The evergreen sprinter, now 39, has run under 10 seconds twice this year, making it an impressive seventh season running 9.9s. And there seems to be some substance to what Collins suggests, with Bolt back in action at the London Anniversary Games and rivals Justin Gatlin and Asafa Powell both absent.

This year’s exciting sprint rivalry consists of unbeaten Justin Gatlin and world-record holder Usain Bolt, who have not raced this season, with Tyson Gay and Asafa Powell in an interesting sub-plot.

Gatlin is the fastest man over 100m and 200m this year. He is unbeaten since 2013 and currently holds the four fastest times of the year, running 9.74-78 to show remarkable consistency. Bolt sits 62nd on the IAAF list with a modest, early season 10.13 into a headwind, but will undoubtedly rise to the occasion if fit next month for the World Championships.

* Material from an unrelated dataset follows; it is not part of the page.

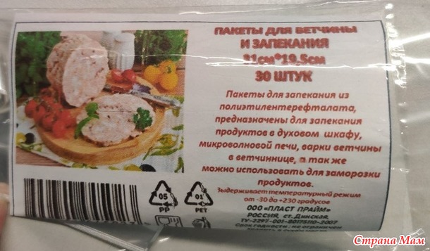 Предварительно ветчинницу выстилаю специальным пакетом. Это может быть обычный рукав для запекания, но он широкий, поэтому я купила такие пакеты:

Asafa Powell and Tyson Gay have returned this season with 9.81 and 9.87 respectively and will surely feature in the 100m final in Beijing.

To compare this season with previous year’s sprint rivalries, an obvious choice would be Ben Johnson and Carl Lewis. In what was a memorably hostile rivalry, Lewis and Johnson’s dislike for each other was evident both on and off the track. At the Seoul Olympics 1988, in what is sometimes referred to ‘as the race that shocked the world’, Ben Johnson overthrew reigning Olympic Champion Lewis, running 9.79s before his imminent ban.

In 1997, after a long dispute over who was the fastest man in the world, Michael Johnson and Donovan Bailey raced over 150m in what was an exhibition-style race that attracted huge media attention. Bailey was 100m Olympic Champion and beat 200m Olympic Champion Johnson, who pulled up with an injury. Perhaps Collins believes we need more of this type of rivalry – the trash talk, the media build up, the conflict between two sprinting greats, choosing to fearlessly go head-to-head.

2015 has the prospect of producing a sprint rivalry to beat all that have come before it, with out-of-form people’s favourite Bolt and dominant but universally unpopular Justin Gatlin.

Collins suggests it’s time to forgive Gatlin, stating ‘If there’s a problem with him, let WADA do its job… It’s unfair to talk about his past. We have murderers that come out of prison and be put back into society and people forgive and forget and people move on.’

It seems whatever the outcome concerning Gatlin’s forgiveness or subsequent lack of, we have a story this season with a greater background than ever before. This rivalry is a comeback tale, but also one with exciting characters – we have both a hero and a villain in the form of two very different sprinters who look likely to become the two fastest men of all time.